Q: You’ve said that you wanted to “write an immigrant novel that was kind of a rebellion against immigrant novels.” Can you say more about that, and about how you came up with the idea for the Wang family?
A: Sure! I think that traditionally, in America, stories of immigrant and people of color that get a platform are generally stories of pain.
Sometimes it’s small-scale pain, like the problem of not fitting in to mainstream society, and sometimes it’s far more large-scale, like the giant pain of slavery. When those are the only stories that get told, everyone loses.
And that’s not to say that I don’t love many of the immigrant novels that have come before mine, it’s just that I think it’s time that we heard another kind of story. And I think many people agree—in 2016 we’ve seen an increasingly broader range of narratives.
With the Wangs, I knew that I wanted to write about a family that was larger-than-life and genuinely fun to read about, who do not see themselves as outsiders. That thought doesn’t even enter their minds! They are absolutely central to their own stories, and to the story of America.
Q: Money is a big issue throughout the novel. Why did you decide to focus on that as one of the novel’s themes?
A: Money is endlessly interesting because, of course, money isn’t just money! It’s a symbol of how we place value on something, and it can buy freedom just as easily as it can buy a material good, if you know how to use it.
Also, I really wanted to set this book in the summer of 2008, during the financial collapse, because that was such a strange, uncertain time.
Q: You go back and forth among various characters’ points of view—did you plan that from the beginning, and was there one perspective you especially enjoyed?

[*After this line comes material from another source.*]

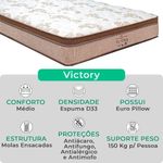 Cama Box Baú Solteirão E Colchão Victory Molas V-store Cor:pretoA tecnologia que a sua casa merece está na V-Store!O colchão Victory Solteiro da V-Store oferece noites de sono tranquilas e confortáveis, com seu toque macio e sistema de molas ensacadas que garantem suporte ideal e independência de movimentos. O Pillow Euro Pillow proporciona ainda mais suavidade, enquanto a tecnologia EPS adiciona resistência e durabilidade. Com proteções contra ácaros, fungos, mofo e alergias, ele garante um ambiente de sono saudável. Suporta até 150 kg por pessoa e tem garantia de 12 meses.A Base Box Baú Bravus da V-Store combina praticidade e sofisticação, com madeira reflorestada e revestimento sintético que facilitam a manutenção. Seu design otimiza o espaço de armazenamento e oferece resistência, suportando até 150 kg por pessoa. Com 44 cm de altura total e Selo Ecologicamente Correto, ela é ideal para quem busca sustentabilidade e qualidade. Transforme seu quarto com o colchão Victory e a Base Box Baú Bravus da V-Store!Característica Do Colchão:Modelo: VictoryMarca: V-StoreTamanho: SolteirãoDimensões: 96x30x203 (Largura x Altura x Comprimento)Conforto: MédioSistema: Molas EnsacadasPillow: Euro PillowPeso Máximo recomendado: 150 kg (Por pessoa)Proteções: Antiácaro, antialérgico, antifungo, antimofoGarantia: 12 Meses (Espuma) / 10 anos ( Conjunto de Molas Ensacadas)Característica Da Base:Marca: V-StoreModelo: BravusTamanho: SolteirãoDimensões: 96x44x203 (Largura x Altura x Comprimento)Estrutura: MadeiraPeso máximo recomendado: 150 kg (Por Pessoa)Altura do Box: 38 cmAltura dos Pés: 6 cmAltura total: 44 cmGarantia: 12 Meses (Estrutura) / 3 meses (Tecido)Selo Ecologicamente CorretoAtenção:- Antes de finalizar sua compra, recomendamos que verifique se as dimensões do produto são adequadas para serem transportadas pelos elevadores, portas, escadas e corredores de sua residência. Ressaltamos que não nos responsabilizamos pelo transporte do produto por meios específicos, como escadas, guinchos ou içamentos.- É possível que hajam leves variações de cor de acordo com o dispositivo que está sendo utilizado como smartphones, computadores, monitores e outros.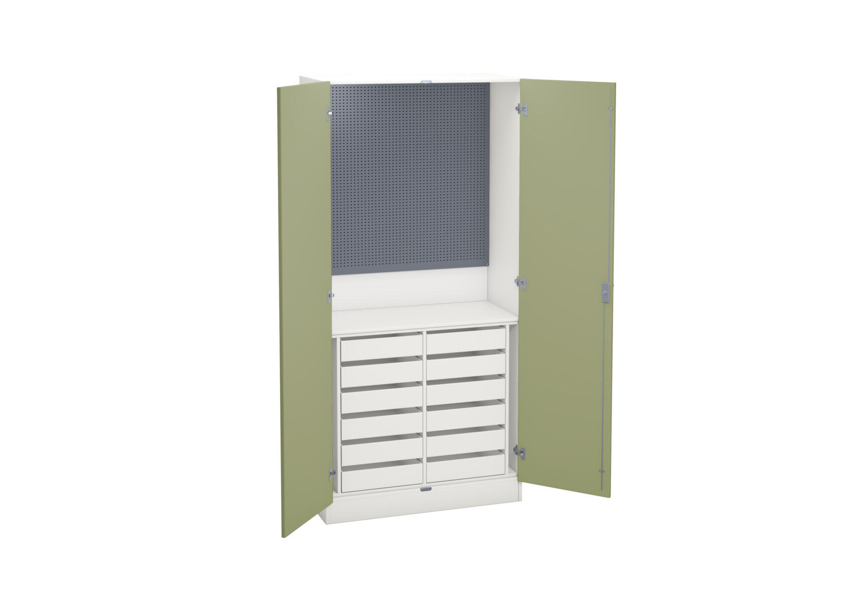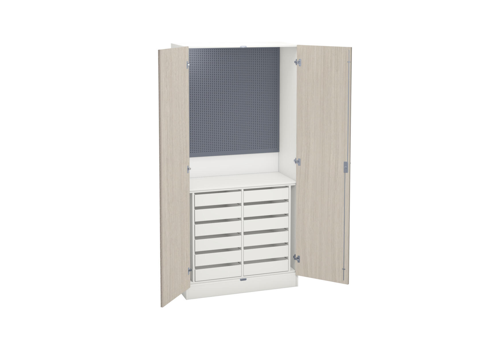 Materialskap for tre- og metallsløyd med stamme i direktelaminat. Fronter i direktelaminat eller høytrykkslaminat. Inneholder verktøytavle med oppheng og 12 skuffer, 5 rundkroker, 1 hylseholder, 1 meiselholder og 1 list med fjærklemmer. 2 tette dører med espanjolett (inkl. 2 nøkler). Dørene kan åpnes i 170° vinkel.

A: I always like a challenge, and the idea of writing from each character’s POV was exciting to me. Yes, that was definitely the plan from the very start. I honestly loved each one as I was writing them, but I’d say that I most enjoyed writing Andrew’s stand-up comedy scenes!
Q: Much of the novel takes place during a family road trip. Why did you structure it that way, and do you have any favorite novels that take place on road trips?
A: Road trips really do lend themselves to novels! They’re just about the right length. Also, I wanted to get an on-the-ground view of America, and this was a great way to do it!
I do love the classic American road trip narratives like Fear and Loathing in Las Vegas, On the Road, and Lolita, but I also love Station Eleven—it’s a post-apocalyptic journey that has two important road trip elements: discovery and nostalgia.
Q: What are you working on now?
A: Another novel! But it’s not really at the discussion stage yet!